● Source material:
>>

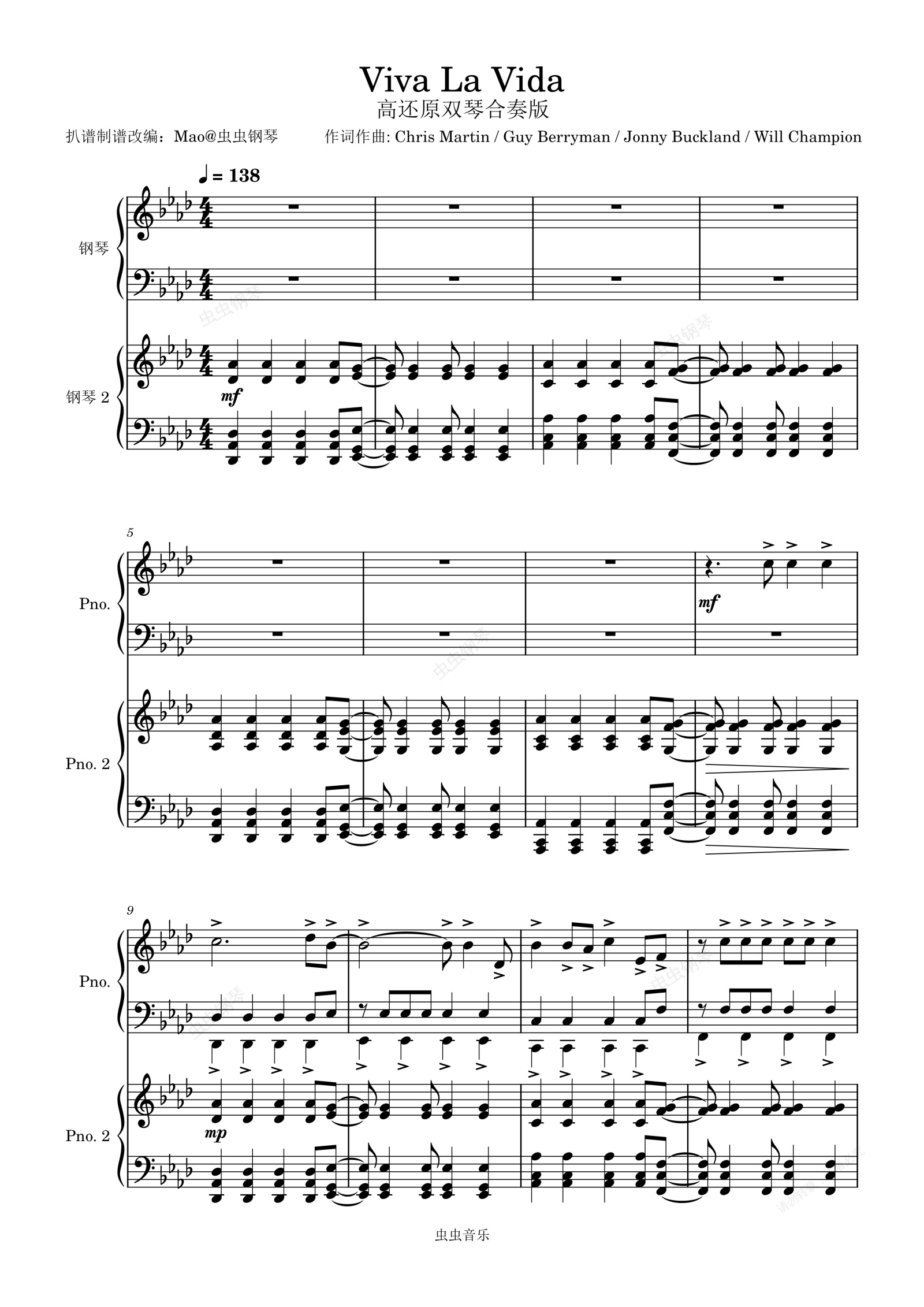 钢琴谱:Viva La Vida高还原双琴合奏版
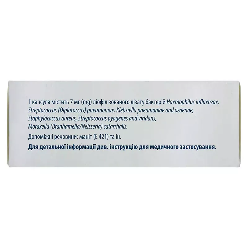 действующие вещества: 1 капсула содержит 7 мг лиофилизированного лизата бактерий Haemophilus influenzae, Streptococcus (Diplococcus) pneumoniae, Klebsiella pneumoniae and ozaenae, Staphylococcus aureus, Streptococcus pyogenes and viridans, Moraxella (Branhamella/Neisseria) catarrhalis;
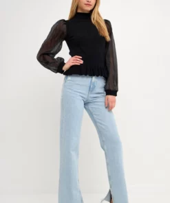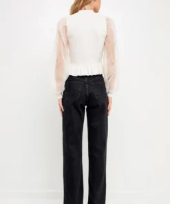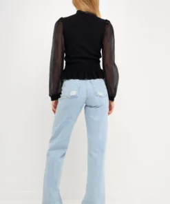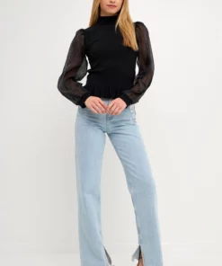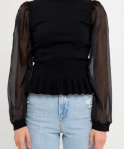 Elevate your style with this knit blouse. With its mixed-media fabrication, this blouse is sure to turn heads. The organza long sleeves and mock neck give it an elevated look, while the knit ribbed waist panel ensures a comfortable fit. Whether you’re dressing up for a special occasion or just want to feel a bit more polished, this top is perfect for the job.
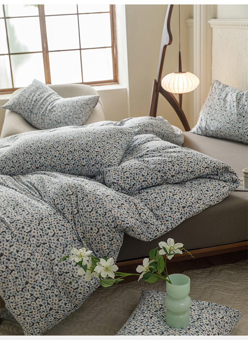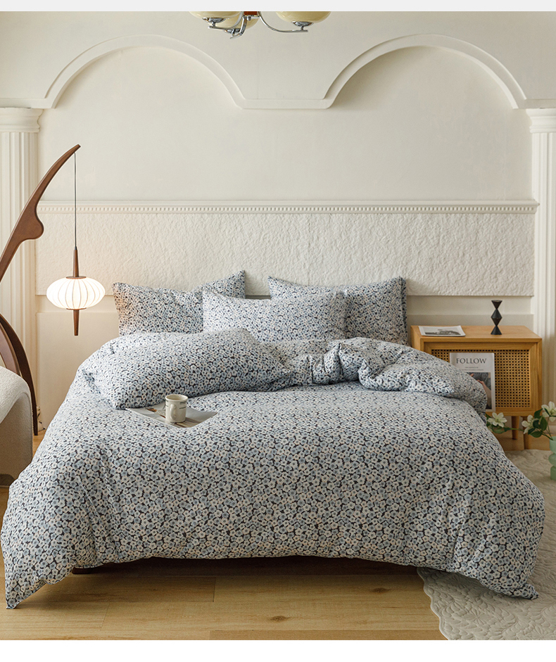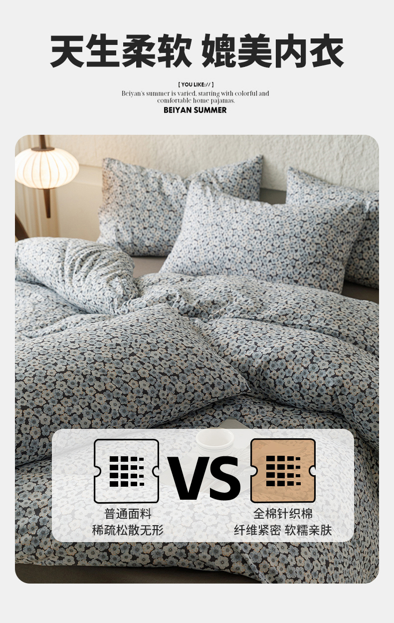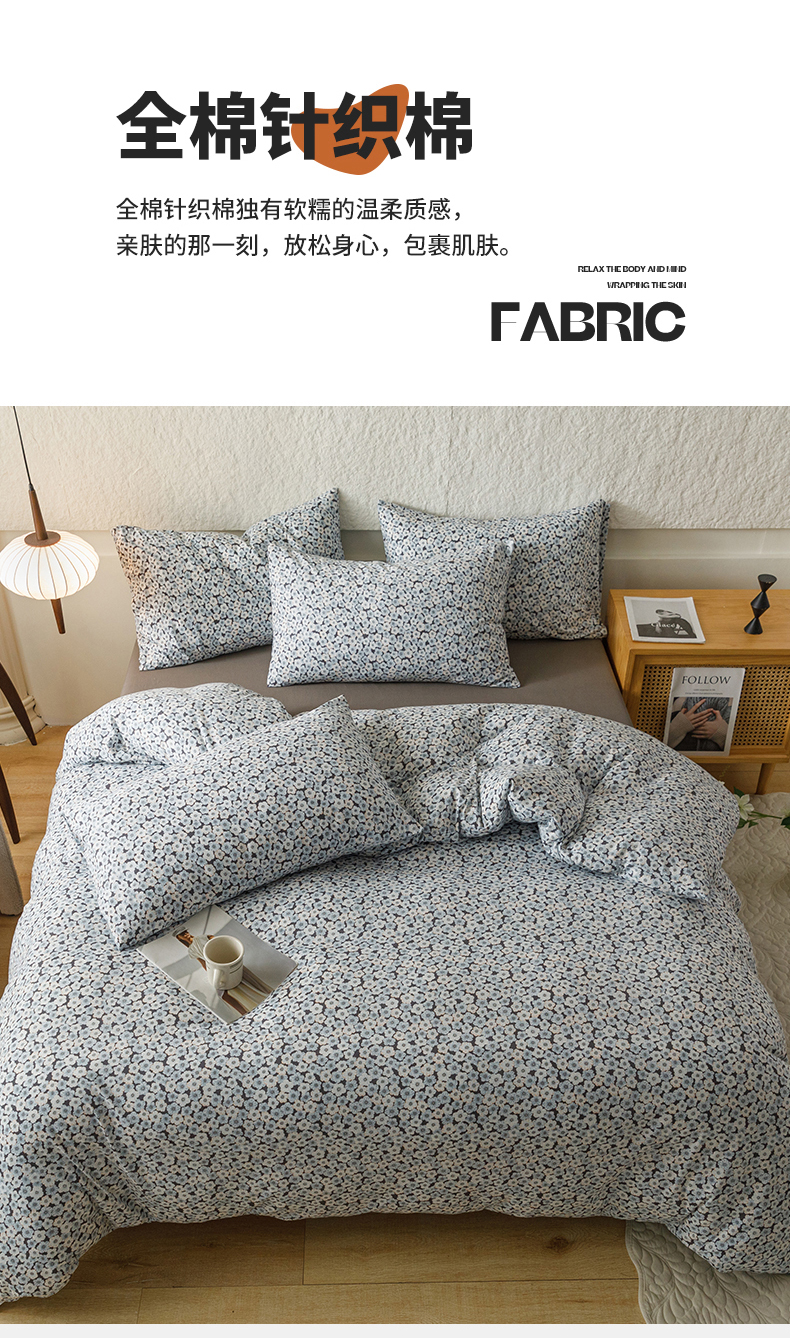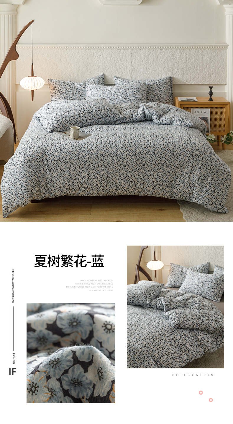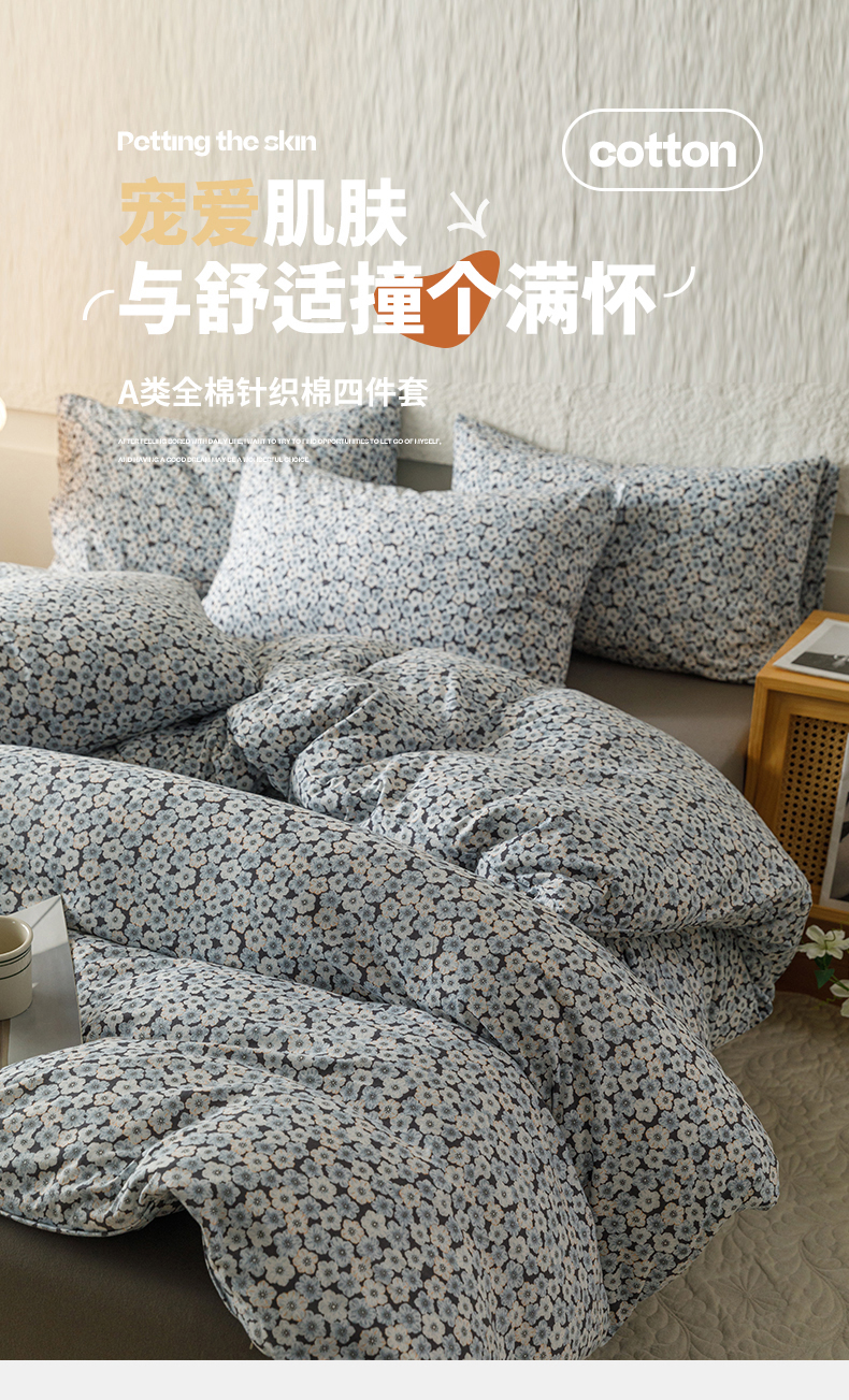 商品名称:瑞米家居 2024新款A类全棉针织棉四件套 夏树繁花-蓝

<<

Without including any picture, output all the material exactly as it appears.

● Answer box:
 钢琴谱:Viva La Vida高还原双琴合奏版
 действующие вещества: 1 капсула содержит 7 мг лиофилизированного лизата бактерий Haemophilus influenzae, Streptococcus (Diplococcus) pneumoniae, Klebsiella pneumoniae and ozaenae, Staphylococcus aureus, Streptococcus pyogenes and viridans, Moraxella (Branhamella/Neisseria) catarrhalis;
 Elevate your style with this knit blouse. With its mixed-media fabrication, this blouse is sure to turn heads. The organza long sleeves and mock neck give it an elevated look, while the knit ribbed waist panel ensures a comfortable fit. Whether you’re dressing up for a special occasion or just want to feel a bit more polished, this top is perfect for the job.
 商品名称:瑞米家居 2024新款A类全棉针织棉四件套 夏树繁花-蓝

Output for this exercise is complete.